Required action — From the data that follows, print exactly the lines starting at the one containing "Fig.3. Corn starch" and ending at the one containing "ETERNITY, 470 sq.m"; include both of them and nothing more.

Records supplied —
========
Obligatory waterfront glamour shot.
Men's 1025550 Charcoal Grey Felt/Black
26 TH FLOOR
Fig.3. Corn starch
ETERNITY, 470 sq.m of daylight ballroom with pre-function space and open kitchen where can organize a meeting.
========
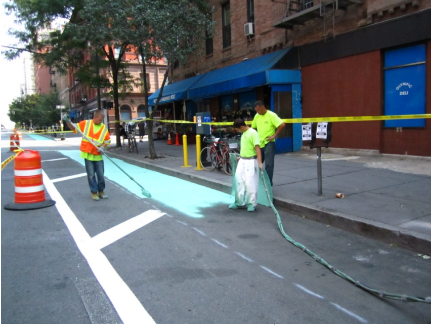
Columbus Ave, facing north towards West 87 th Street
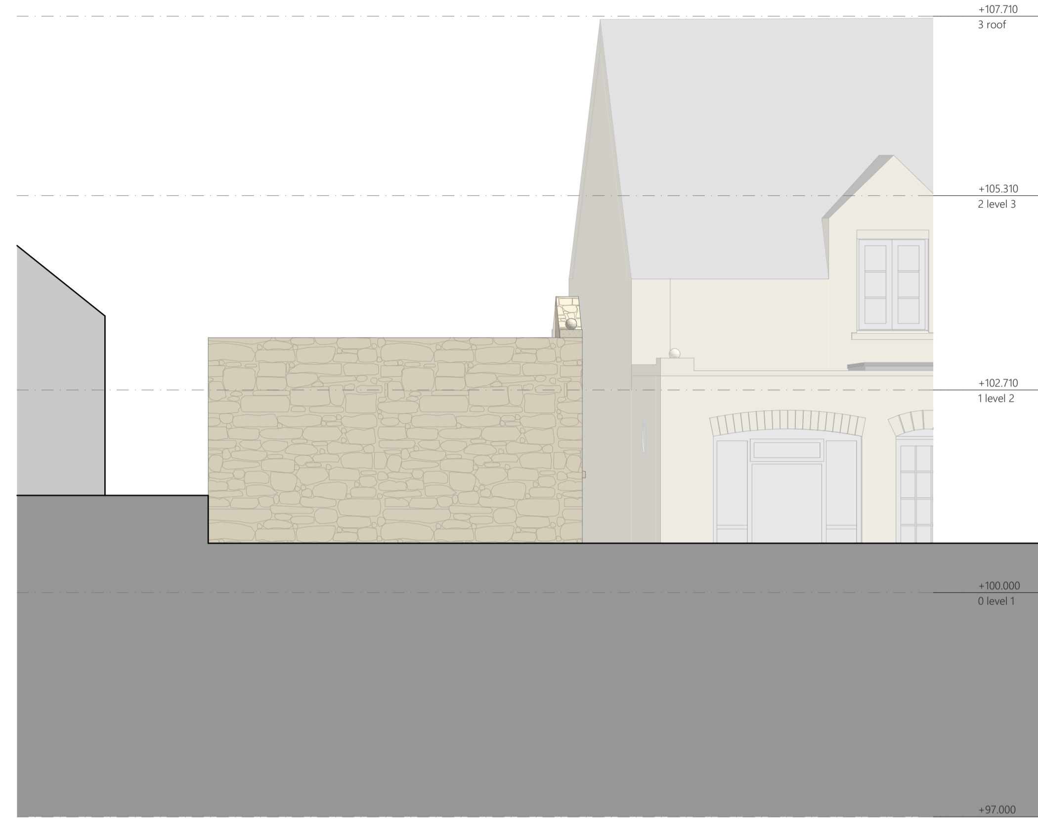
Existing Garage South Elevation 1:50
========
Response for this exercise —
Fig.3. Corn starch
ETERNITY, 470 sq.m of daylight ballroom with pre-function space and open kitchen where can organize a meeting.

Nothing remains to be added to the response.